Instead of fighting with advisers over the estimated $1.5 trillion in 401(k) rollover assets, record keepers may want to work with them.
Instead of fighting with advisers over the estimated $1.5 trillion in 401(k) rollover assets, record keepers may want to work with them.
“Many advisers are now seeking ways to generate revenue, and [record keepers] have to communicate with them early and deliver excellent services,” John Geli, chief executive of Wealth Management Systems Inc., said at the 2010 SPARK Forum.
He estimated that more than $1.5 trillion in assets will roll out of 401(k) plans and other defined-contribution plans in the next five years, much of that into the individual retirement account market, which is projected to reach $7 trillion by 2015.
Advisers and record keepers often compete for control of those rollover assets when clients exit plans.
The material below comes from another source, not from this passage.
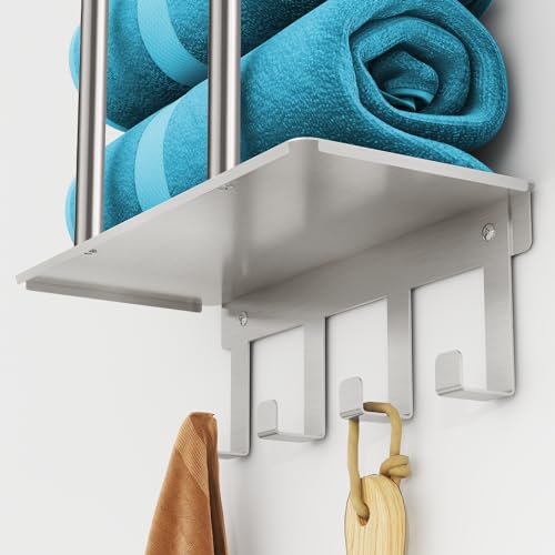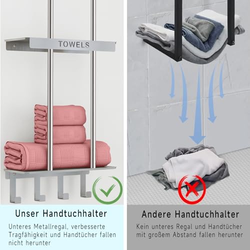 - 【4 Hooks Design】: this towel rack bathroom has 4 hooks at the bottom, which make it easy to separate wet and dry towels, and can also hang bath bombs, combs, clothes, etc. Provide more storage space for the bathroom and keep order and order.

Record keepers want to hold on to the assets, while advisers want direct control and the opportunity to place those assets elsewhere.
But the relationship between the two camps doesn't need to be so combative, Mr. Geli said. For example, record keepers can reach out to advisers to determine the types of retirement accounts they target for rollover opportunities.
A panel of three plan advisers at the forum agreed that they aim for 401(k) plan participant accounts with at least $250,000.
Record keepers can pass along to advisers those bigger participant accounts in the form of referrals while retaining control of smaller accounts.
“Are we [record keepers] working with those advisers to say that when they set their asset threshold, we'll pass them the referrals?” asked Mr. Geli. “Half of the advisers aren't looking at providers to provide them with leads or referrals: So is that a value-add to your adviser products?”